The AtomsToGraphs class takes in several arguments to control how Data objects created:

- max_neigh (int):   Maximum number of neighbors a given atom is allowed to have, discarding the furthest
- radius (float):      Cutoff radius to compute nearest neighbors around
- r_energy (bool):    Write energy to Data object
- r_forces (bool):    Write forces to Data object
- r_distances (bool): Write distances between neighbors to Data object
- r_edges (bool):     Write neigbhor edge indices to Data object
- r_fixed (bool):     Write indices of fixed atoms to Data object

```{code-cell} ipython3
a2g = AtomsToGraphs(
    max_neigh=50,
    radius=6,
    r_energy=True,
    r_forces=True,
    r_distances=False,
    r_edges=True,
    r_fixed=True,
)
```

```{code-cell} ipython3
data_objects = a2g.convert_all(raw_data, disable_tqdm=True)
```

```{code-cell} ipython3
data = data_objects[0]
data
```

```{code-cell} ipython3
data.atomic_numbers
```

```{code-cell} ipython3
data.cell
```

```{code-cell} ipython3
data.edge_index #neighbor idx, source idx
```

```{code-cell} ipython3
from torch_geometric.utils import degree
# Degree corresponds to the number of neighbors a given node has. Note there is no more than max_neigh neighbors for
# any given node.

degree(data.edge_index[1]) 
```

```{code-cell} ipython3
data.fixed
```

```{code-cell} ipython3
data.forces
```

```{code-cell} ipython3
data.pos
```

```{code-cell} ipython3
data.energy
```

### Adding additional info to your Data objects

In addition to the above information, the OCP repo requires several other pieces of information for your data to work
with the provided trainers:

- sid (int): A unique identifier for a particular system.

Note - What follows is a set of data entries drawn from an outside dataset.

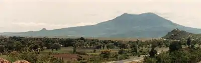 Southwest of Mount Popa is Taung Kalat (pedestal hill), a sheer-sided volcanic plug, which rises 657 metres (2,156 ft) above the sea level. A Buddhist monastery is located at the summit of Taung Kalat. At one time, the Buddhist hermit U Khandi maintained the stairway of 777 steps to the summit of Taung Kalat.[3] The Taung Kalat pedestal hill is sometimes itself called Mount Popa and given that Mount Popa is the name of the actual volcano that caused the creation of the volcanic plug, to avoid confusion, the volcano (with its crater blown open on one side) is generally called Taung Ma-gyi (mother hill). The volcanic crater itself is a mile in diameter.[13]
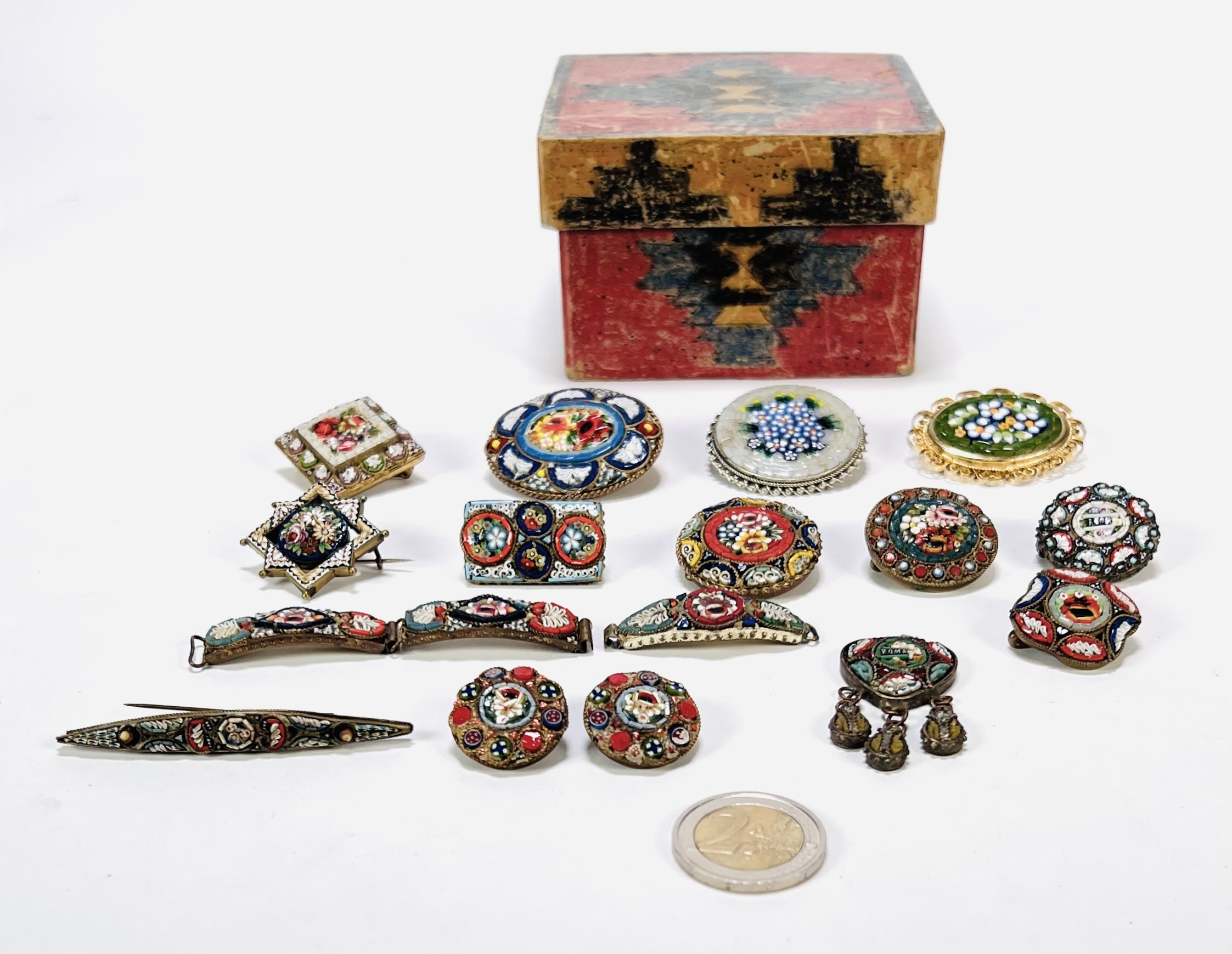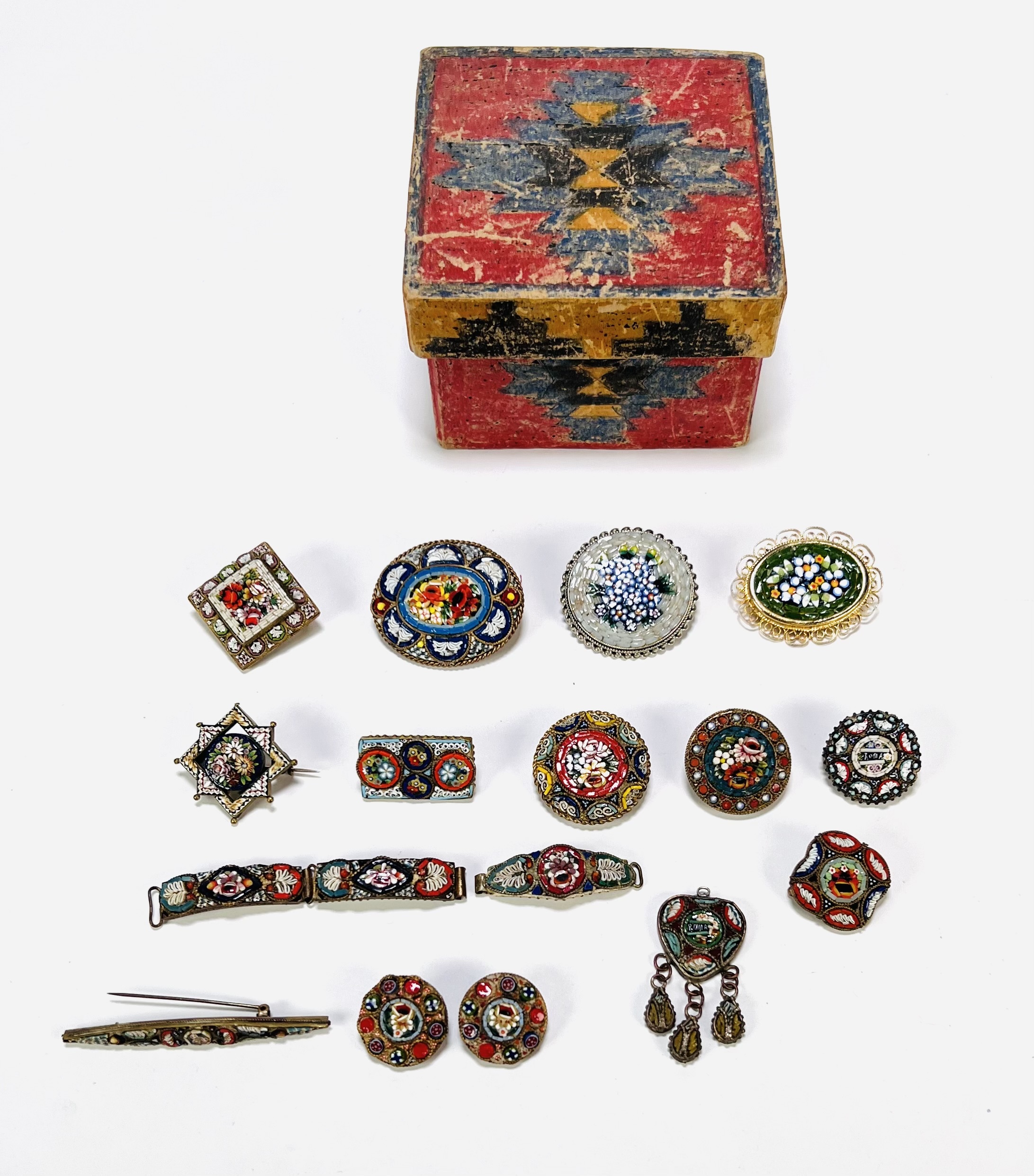 Verzameling van vijftien Italiaanse sieraden in een doosje, daterend van de eerste helft van de 20e eeuw. De sieraden zijn uitgevoerd in de micro mozaïektechniek en vertegenwoordigen de neoclassicistische en romantische stijl. De verzameling bestaat uit broches, oorhangers en een armband met verschillende bloemmotieven en abstracte patronen. Geïnteresseerd? Bezoek onze kijkdagen op 29, 30 of 31 augustus van 11:00 tot 17:00 uur! |
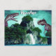 Dois grandes dinossauros realistas estão dominando esta ilha flutuante enquanto a queda-d-água pacífica flui para o belo mar abaixo do céu tempestuoso, desconhecendo o dinossauro massivo que está bem escondido abaixo da água apenas esperando para subir e surpreender tudo.
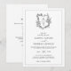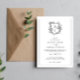 Convite de casamento com brasão floral formal e elegante com código QR e mais informações detalhadas no verso.
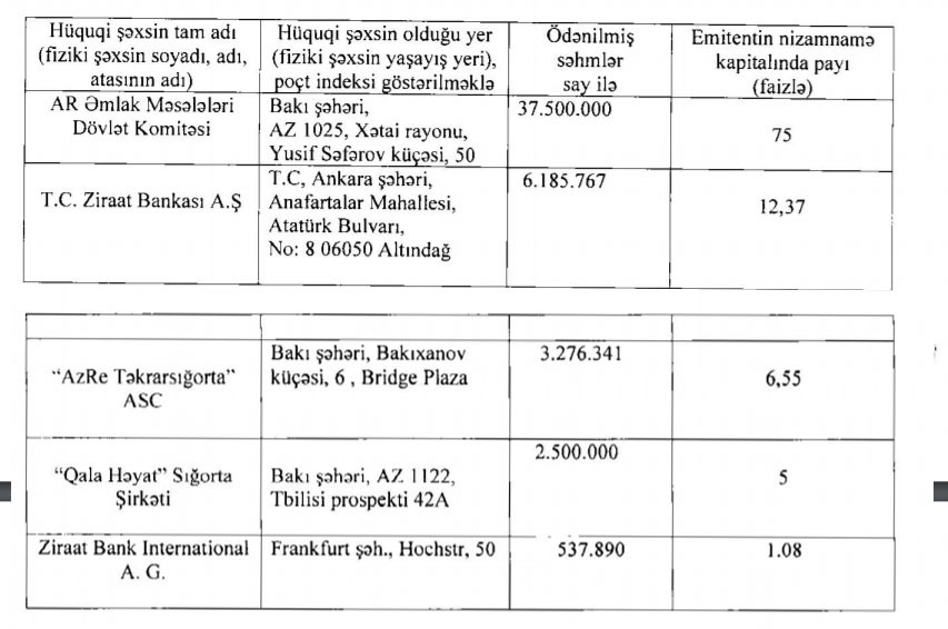 Ötən ilin İyun ayında 928 min manat dividendlərin ödənilməsi barədə qərar qəbul edilmişdi və qərar həmin ilin Avqust ayında icra edilmişdi.
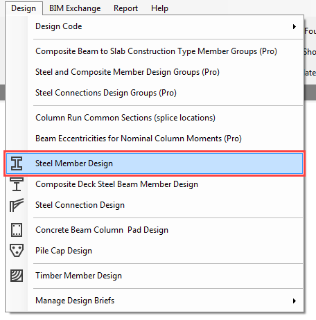 From the Design file menu, select the Steel Member Design option and select all the members in the frame, by windowing them.
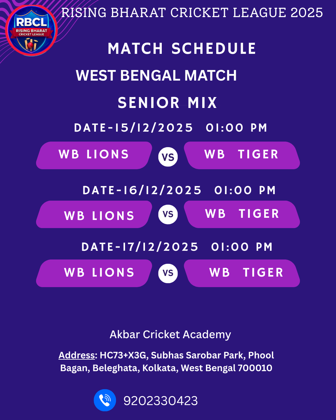 Welcome to the Rising Bharat Cricket League, managed by Shivay Sports Management Pvt Ltd, a registered entity with the Ministry of Company Affairs. Our league is not just a sporting event; it's a celebration of the game's spirit, uniting communities through thrilling cricket competitions. Committed to fair play and sportsmanship, we provide a platform for both aspiring and seasoned cricketers.
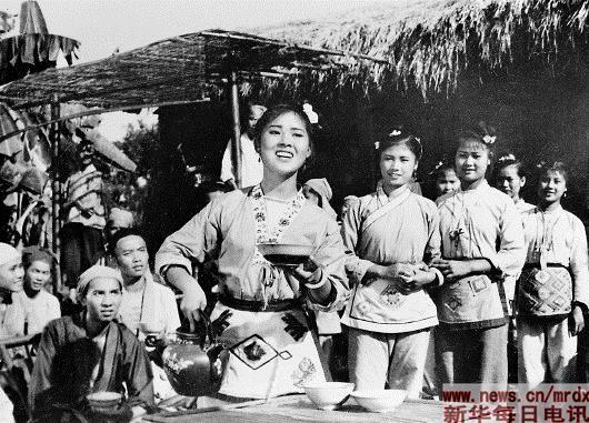 影片《刘三姐》中的一个镜头:刘三姐(前,黄婉秋饰)和四方歌手会歌。新华社资料片

Does not affect your model performance, used for prediction saving 
- fid (int) (S2EF only): If training for the S2EF task, your data must also contain a unique frame identifier for atoms objects coming from the same system.
- tags (tensor): Tag information - 0 for subsurface, 1 for surface, 2 for adsorbate. Optional, can be used for training.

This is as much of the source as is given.